For instance, in Python 3, the following images show the encoded bytes and the rendered text of an early-return attack. Looking at the rendered code, you would expect the value of bank['alice'] to be 50 after the code runs. However, the value stays at 100. This happens because the word "return" in the docstring gets executed due to a special character (Bidi control character), causing the function to exit early. As a result, the code that should subtract from Alice's bank account never runs.

Encoded bytes:

Rendered code (Notice how the return appears to be inside the docstring comment, but it actually isn't):

As we established, compilers and interpreters follow the logical ordering of source code, not the visual order. Even if the code appears differently, it will be treated differently.

Testing the Trojan Code

Based on the rendered code, we expect the following output:

λ python3 bank.py

Starting Balance: 100

Balance After Subtracting 50: 50

However, after running the program, it is clear that the value remains at 100. This happens because the word "return" in the docstring gets executed due to a special character (Bidi control character), causing the function to exit early. As a result, the code that should subtract from Alice's bank account never runs.
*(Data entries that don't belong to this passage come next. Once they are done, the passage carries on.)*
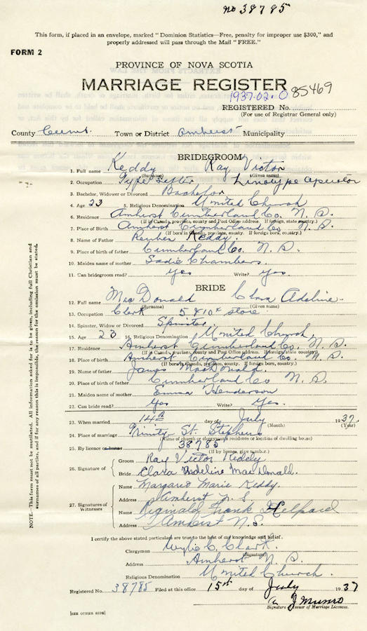 Parents Father: KEDDY, Reuben Douglas Mother: CHAMBERS, Sadie Valetta Birth Born on July 24, 1913 in Amherst, Cumberland Co., NS Death Died on April 25, 2006 in Bristol, Hartford Co., CT Buried in Peacedale Cemetery in Bristol, Hartford Co., CT Marriages MACDONALD, Clara Adeline Married on July 14, 1937 in Amherst, Cumberland Co., NS Children KEDDY, Ronald Edward: May 12, 1939 - February 17, 2011 KEDDY, Lorna J.: March 24, 1943 KEDDY, Roy Victor: October 21, 1945 KEDDY, Sandra G.: September 01, 1948 KEDDY, Kenneth E.: 1957 - April 14, 1990 Notes Occupation: Linotype Operator Images Ray Keddy Birth Ray Keddy Marriage
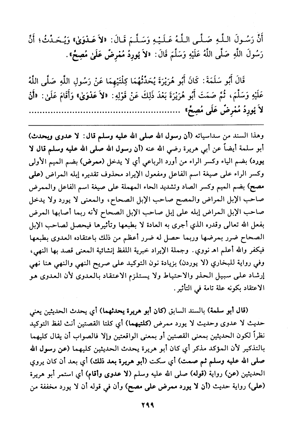 وهذا السند من سداسياته (أن رسول الله صلى الله عليه وسلم قال: لا عدوى ويحدث) أبو سلمة أيضًا عن أبي هريرة رضي الله عنه (أن رسول الله صلى الله عليه وسلم قال لا يورد) بضم الياء وكسر الراء من أورد الرباعي أي لا يدخل (ممرض) بضم الميم الأولى وكسر الراء على صيغة اسم الفاعل ومفعول الإيراد محذوف تقديره إبله المراض (على مصح) بضم الميم وكسر الصاد وتشديد الحاء المهملة على صيغة اسم الفاعل والممرض صاحب الإبل المراض والمصح صاحب الإبل الصحاح، والمعنى لا يورد ولا يدخل صاحب الإبل المراض إبله على إبل صاحب الإبل الصحاح لأنه ربما أصابها المرض بفعل الله تعالى وقدره الذي أجرى به العادة لا بطبعها وتأثيرها فيحصل لصاحب الإبل الصحاح ضرر بمرضها وربما حصل له ضرر أعظم من ذلك باعتقاده العدوي بطبعها فيكفر والله أعلم اهـ نووي. وجملة الإيراد خبرية اللفظ إنشائية المعنى قصد بها النهي، وفي رواية للبخاري (لا يوردن) بزيادة نون التوكيد على صريح النهي والنهي هنا نهي إرشاد على سبيل الحذر والاحتياط ولا يستلزم الاعتقاد بالعدوى لأن العدوي هو الاعتقاد بكونه علة تامة في التأثير.
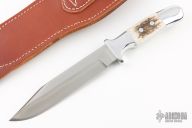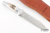 This Model 25AC Custom Workman by Ruana knives features a satin finished clip point blade with sharpened top edge, .176" blade stock and 1.124" blade depth, hidden tang construction. The handle is cast from aluminum with elk horn inserts. Comes with a brown leather sheath.  Excellent condition.

LLM Evaluation of Trojan Code

Now, let's try feeding our Trojan code to different LLMs and see how they evaluate it. We know that the subtraction never takes place due to the early return. But can the LLMs detect this?

ChatGPT (failed ❌):

Claude (failed ❌):

Grok (passed ✅):

Grok gave somewhat correct reasoning as well:

Deepseek R1 via HuggingChat (failed ❌):

GitHub Copilot AI (failed ❌):

Llama-3.3 via HuggingChat (failed ❌):

Mistral Nemo via HuggingChat (failed ❌):

Qwen 2.5 via HuggingChat (failed ❌):

Conclusion

In my testing of over 10 LLM models, all failed except for Grok2. This is surprising, given the rise in companies offering AI-powered secure code reviews. If they can't even catch this vulnerability, then "AGI" is still far off.

This issue could directly lead to supply chain attacks, where malicious code slips past AI code reviewers. That’s all for now—thank you for coming to my TED talk!